Петя пошел к пыльной куче, раскрыл наугад. Открылась цветная картинка:
вроде бы лист из ниши, но буквы не прочесть, а наверху, в углу, большая
цветная буква, вся заплетенная плоской лентой , травами и колокольчиками, и
над ней птица -- не птица, женщина -- не женщина.
- Это что? -- спросил Петя.
-- Кто их знает. Это не мои, -- раскачивалась звенящая Тамила, пуская
дым.
-- А почему птица такая?
-- Покажи. Ах, птица-то. Это птица Сирин, птица смерти.
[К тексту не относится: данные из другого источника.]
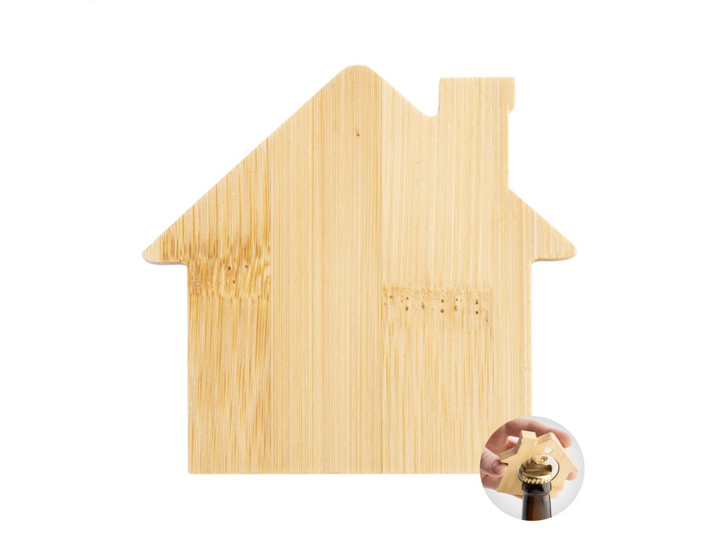 Bambusový magnet na chladničku v tvare domčeka s otváračom na fľaše.

Ты ее бойся:
задушит. Слышал вечером, как в лесу кто-то жалуется, кукует? Это она и есть.
Это птица ночная. А есть птица Финист. Она часто ко мне летала, а потом я с
ней поссорилась. А то есть еще птица Алконост. Та утром встает, на заре, вся
розовая, прозрачная, насквозь светится, с искорками. Она гнездо вьет на
водяных лилиях. Несет одно яйцо, очень редкое. Ты знаешь, зачем люди лилии
рвут? Они яйцо ищут. Кто найдет, на всю жизнь затоскует. А все равно ищут,
все равно хочется. Да у меня оно есть -- подарить?
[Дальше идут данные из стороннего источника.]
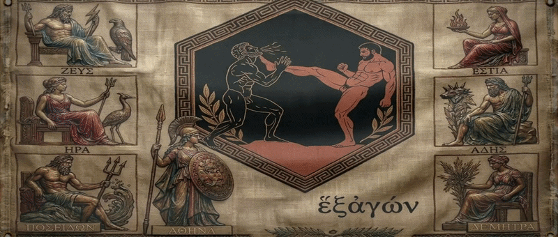 ATHENIAN PALAESTRA: Introduced at the Olympic Games of 648 BC, pankration (παγκράτιον: all-power) was the world’s first ‘mixed martial art’. In those elemental days of Olympians battling offensively and defensively with all their skill, the only forbidden unarmed combat techniques were eye-gouging and biting…. Thus it was, in contests dedicated to Athena, the Goddess of Wisdom, Craft, and War, that the greatest pankration athletes would compete in a six-sided arena: The Hexágōn (ἕξἀγών). The victor claimed the title of ‘Pantokrator’ (Παντοκράτωρ: all-powerful).
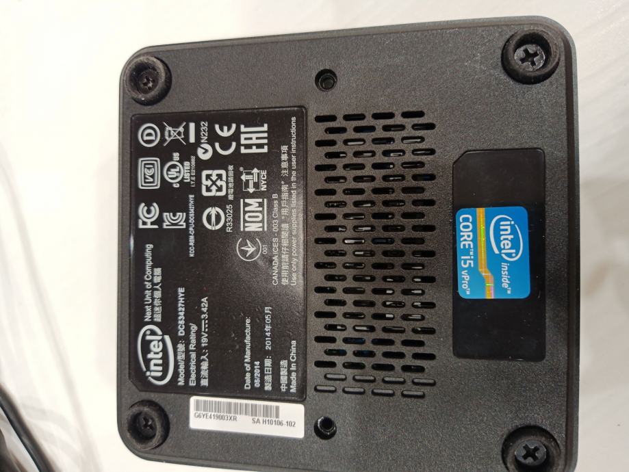 Odličen mini PC namizni računalnik Intel NUC DC53427HYE, z procesorjem i5-3427U, hitrim 240Gb SSDjem ter 4Gb RAMa. Primern kot hišni računalnik ali se bolje kot hišni kino. Ima HDMI izhod. Priložen napajalnik.
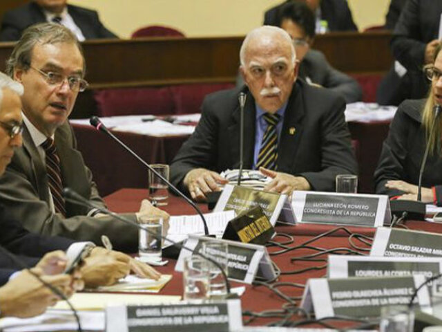 El ministro del Interior Carlos Basombrío llegó al Congreso de la República para presentar el informe pendiente de su despacho sobre el supuesto ‘Escuadrón de la muerte’. Los policías involucrados son un general, un comandante y siete suboficiales.

Тамила качнулась на черном гнутом кресле, пошла куда-то в глубь дома.
Бисерная подушечка свалилась с сиденья. Петя подобрал -- она была
прохладная. Тамила вернулась -- на ладони каталось, позвякивая об изнанку
колец, маленькое, стеклянное какое-то, розовое волшебное яичко, туго набитое
золотыми искрами.
-- Не боишься? Держи! Ну, приходи в гости. -- Она засмеялась и упала в
гнутое кресло, закачала сладкий, душистый воздух.
Петя не знал, как это -- затосковать на всю жизнь, и яичко взял.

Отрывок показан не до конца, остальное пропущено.